If you put a million monkeys on typewriters you would eventually get shakespeare is exactly why LLM's will succeed and why humans have succeeded. If this weren't the case why didn't humans 30000 years ago create spacecraft if we were endowed with the same natural "gift".
- That's exactly the same for humans in the real world.
You're focusing too close, abstract up a level. Your point relates to the "micro" system functioning, not the wider "macro" result (think emergent capabilities).
- When are we as humans creative outside our training data? It's very rare we actually discover something truly novel. This is often random, us stumbling onto it, brute force or purely by being at the right place at the right time.
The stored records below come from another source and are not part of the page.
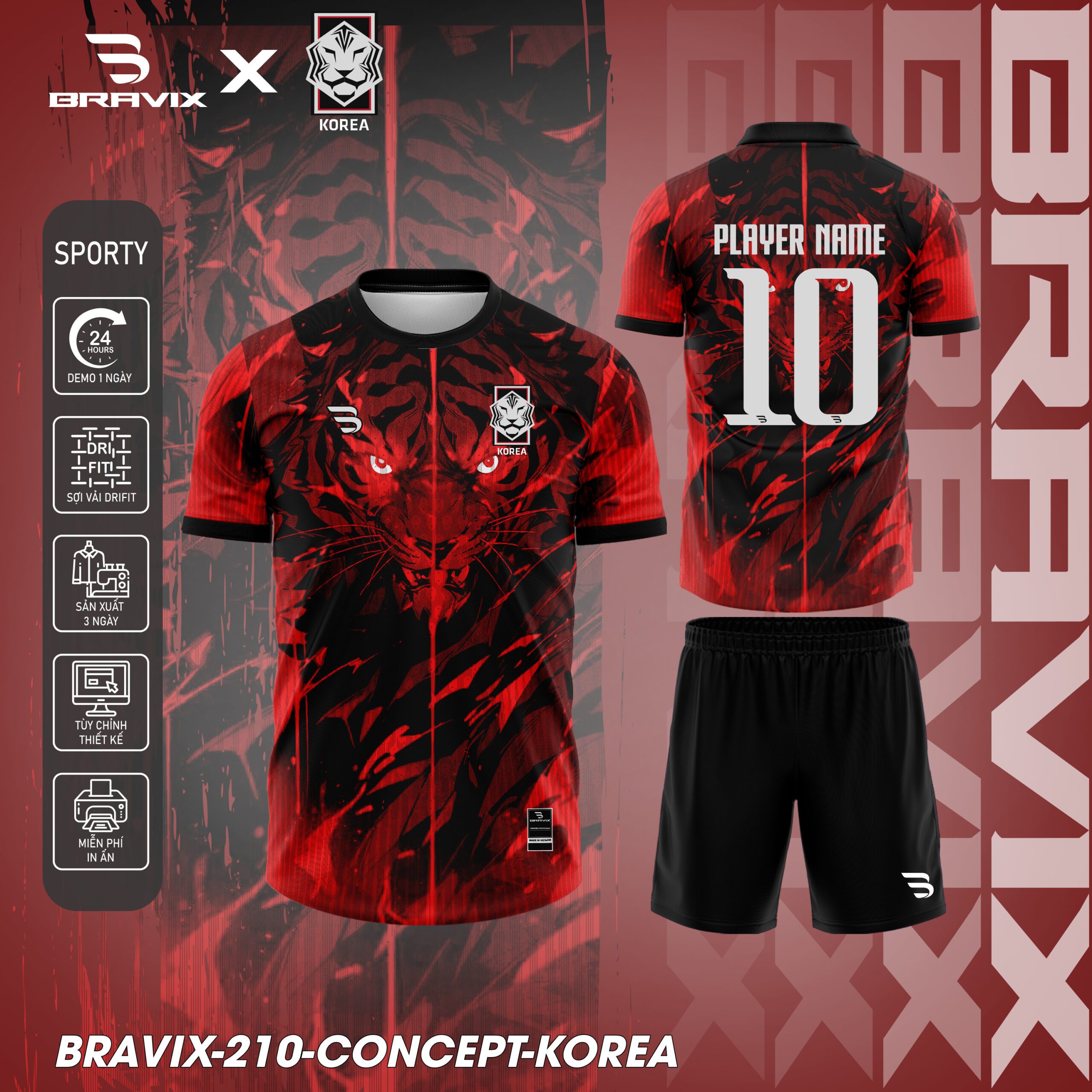 Toàn bộ mặt trước áo là hình ảnh đôi mắt hổ rực cháy, phối cùng các nét cắt và mảng màu đỏ–đen sắc bén, tạo hiệu ứng thị giác mạnh mẽ. Đây là mẫu áo dành cho các đội bóng thích chất ngầu – cá tính – khác biệt, mang tinh thần chiến đấu không lùi bước.
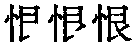 【提示】艮,上面不带点,不要错写成良; 中间的横宋体与左右两边相接,楷体与左边相接,与右边相离。 *恨hèn9画 心部 (1) 遗憾;后悔: 悔~|遗~终生|引为~事|相见~晚。 (2) 怨恨;仇视: 痛~|雪~|~透了|~之入骨。 恨 ☚ � 悔 ☛ 恨hèn古代形声字。从忄(心),艮声。声变如艮很狠、干汗例。怨,仇视。如:恨入骨髓。组词如:怨恨。引申为懊悔,令人懊悔或怨恨的事。如:遗恨。 恨★常◎常
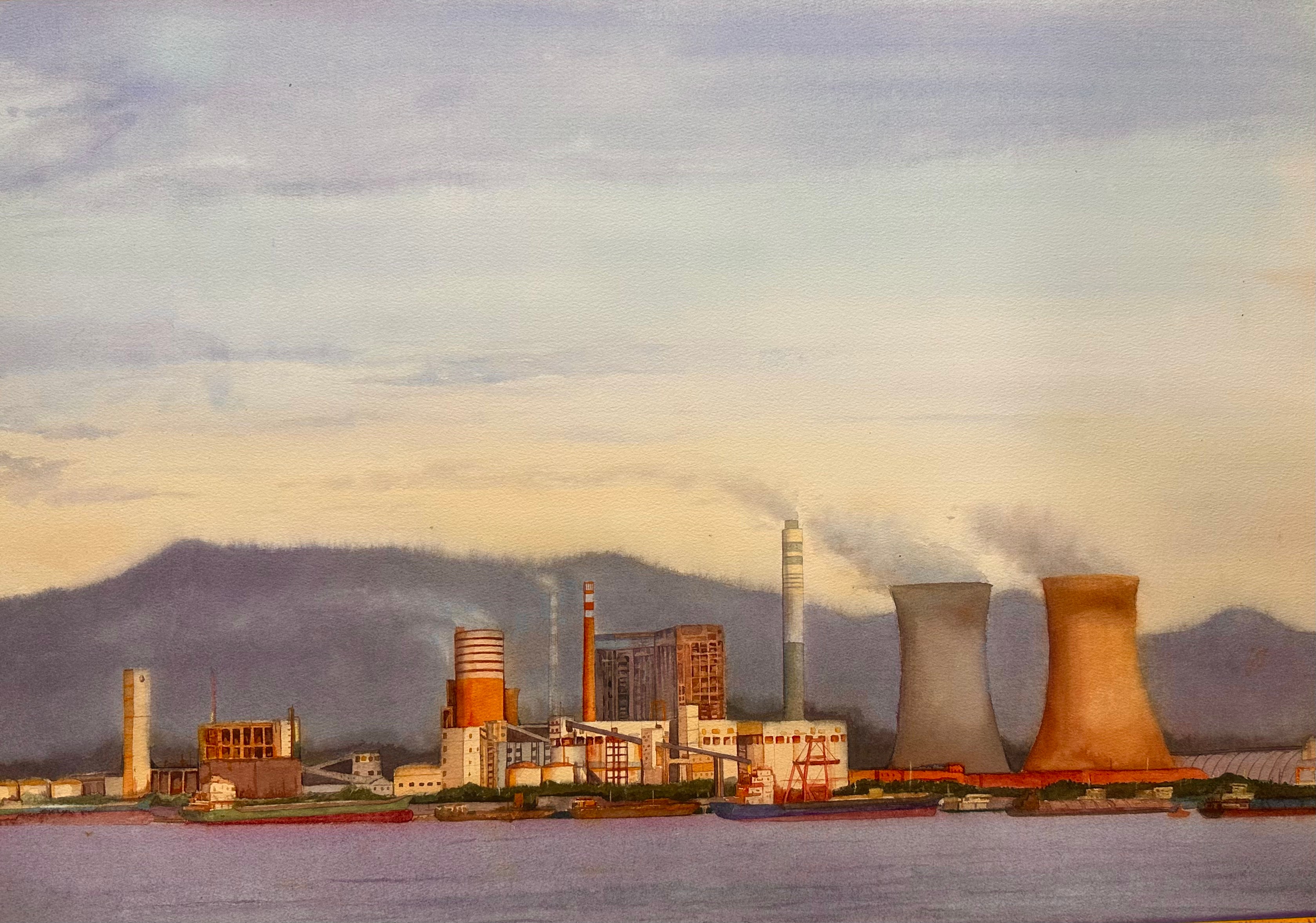 潘巧姝《核电站的英姿》65cm×71 cm  2023年 纸本水彩
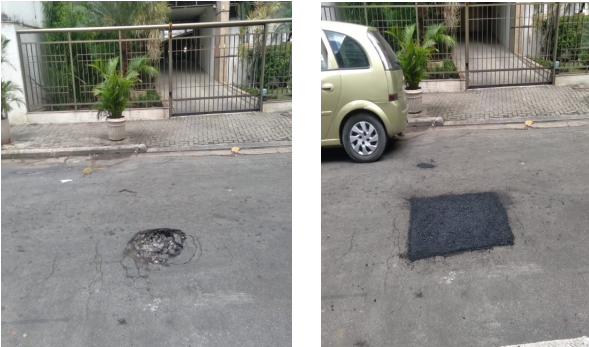 Seguem os serviços de tapa buraco , que foram realizados com massa quente ( CBUQ) , em diversos locais da cidade ontem (10/05/21).
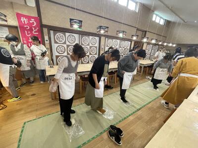 行ったらやっぱりうどんを作らないと!っということで、3人1チームに分かれてうどん学校に入学。
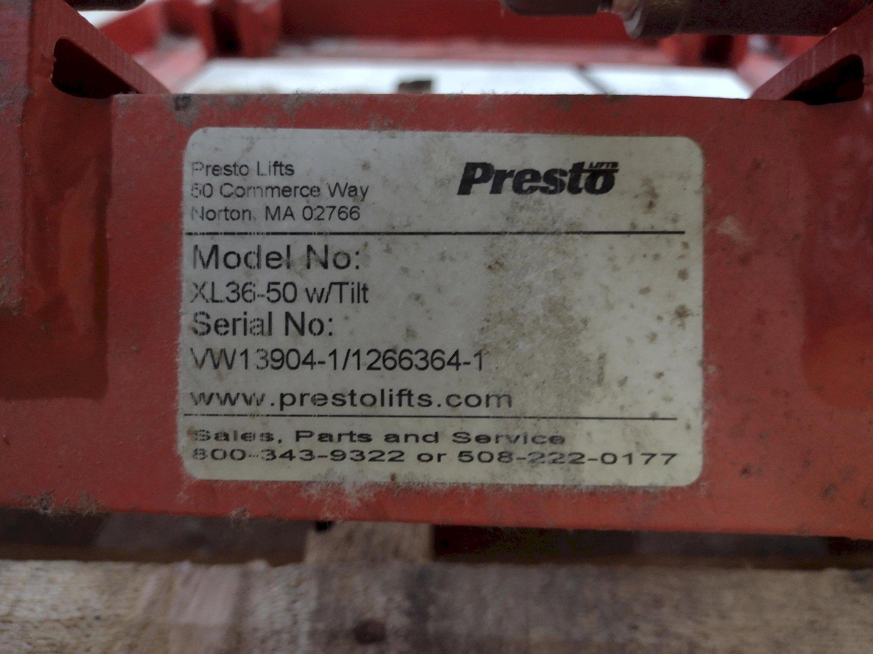 2,000 LB PRESTO PALLET MODEL #XL36-50 W/ TILT LIFT TABLE: STOCK #20162
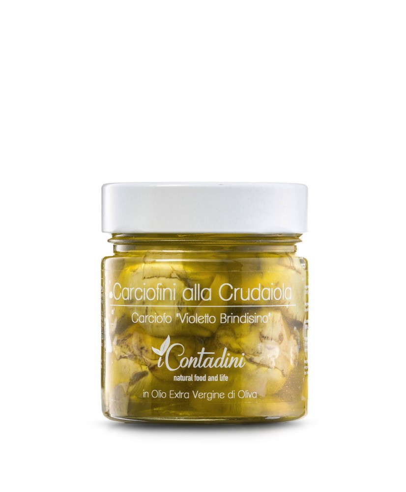 Small, tender and tasty, these artichokes are of the type called "violet". Cultivation takes place from October, while the harvest begins in April. Its processing takes place within eight hours from being fresh. It is very tender, it is just removed and turned manually with a small knife. Immediately after it is placed in extra virgin olive oil. No other condiments or spices are added, to maximize the unique taste of this product. They can be used to enrich an appetizer or cold rice along with other Mediterranean vegetables.
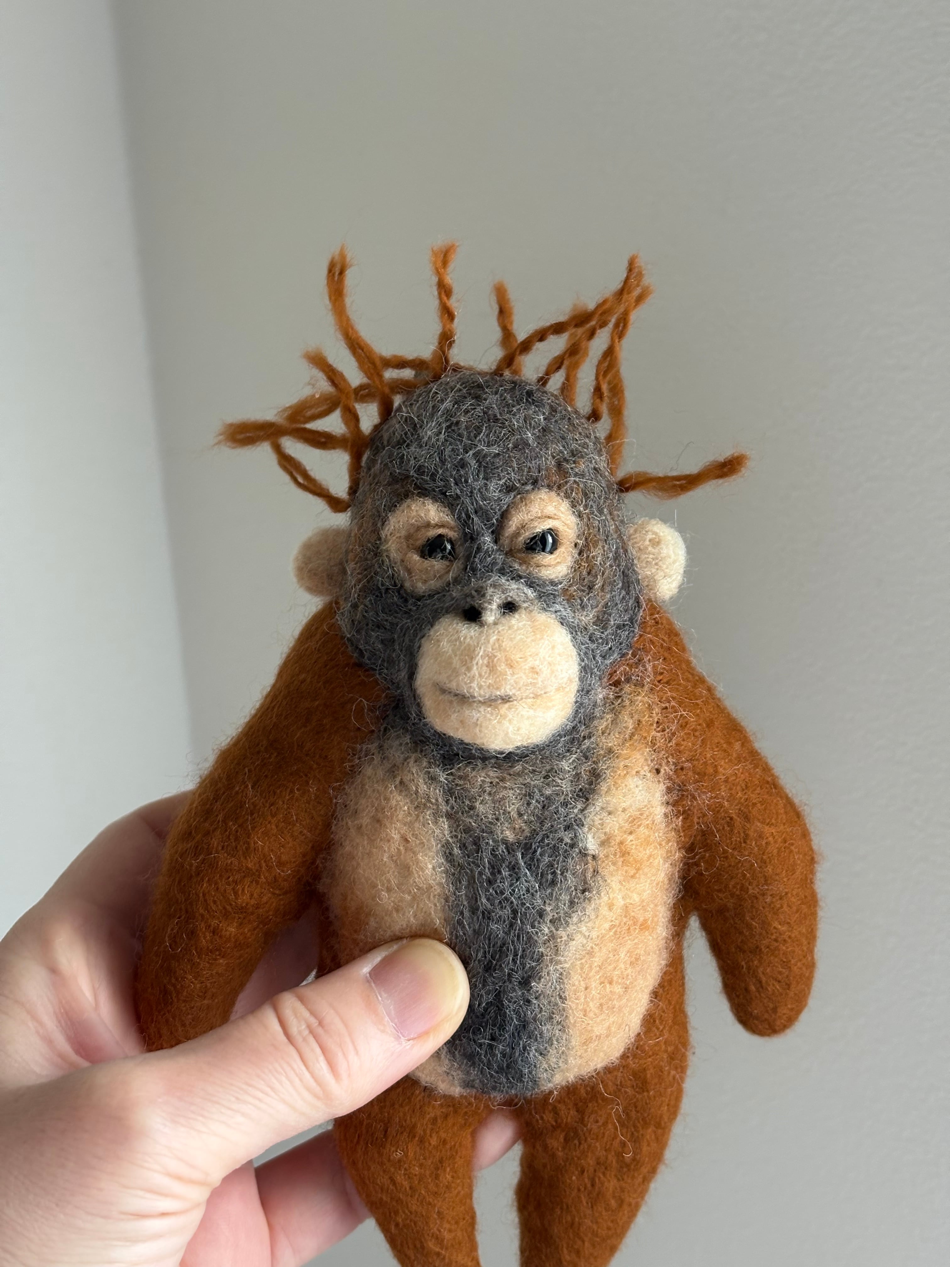 赤ちゃんの頼りない体毛を毛糸で表現しました。小さい尻だこもご覧いただきたい!
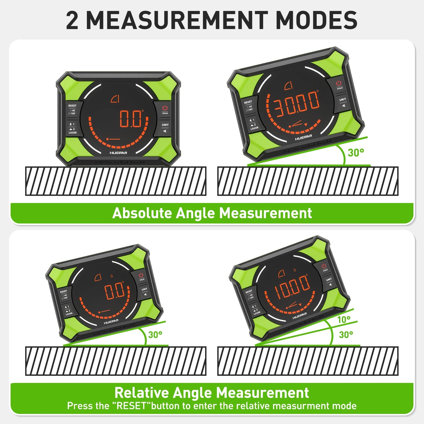 Huepar Rapporteur numérique 3 en 1 avec laser | Écran LCD et inclinomètre magnétique (GIF2)

On the other hand, until it's proven it'd likely be considered a hallucination. You need to test something before you can dismiss it. (They did burn witches for discoveries back in the day, deemed witchcraft). We also reduce randomness and pre-train to avoid overfitting.
Day to day human creative outputs as humans are actually less exciting when you think about it further, we build on pre-existing knowledge. No different to good prompt output with the right input. Humans are just more knowledgeable & smarter at the moment.
- Given a random prompt, the overall probability of seeing a specific output string is almost zero, since there are astronomically many possible token sequences.
The same goes for humans. Most awards are built on novel research built on pre-existing works. This a LLM is capable of doing.
Its different if they proclaimed outright they won't use it and then do.
Not that any of this is right, it wouldn't be a true betrayal.
On a related note, these terms to me are a great example of success for EU GDPR regulations, and regulations on corporates in general. It's clear as day, additional protections are afforded to EU residents in these terms purely due to the law.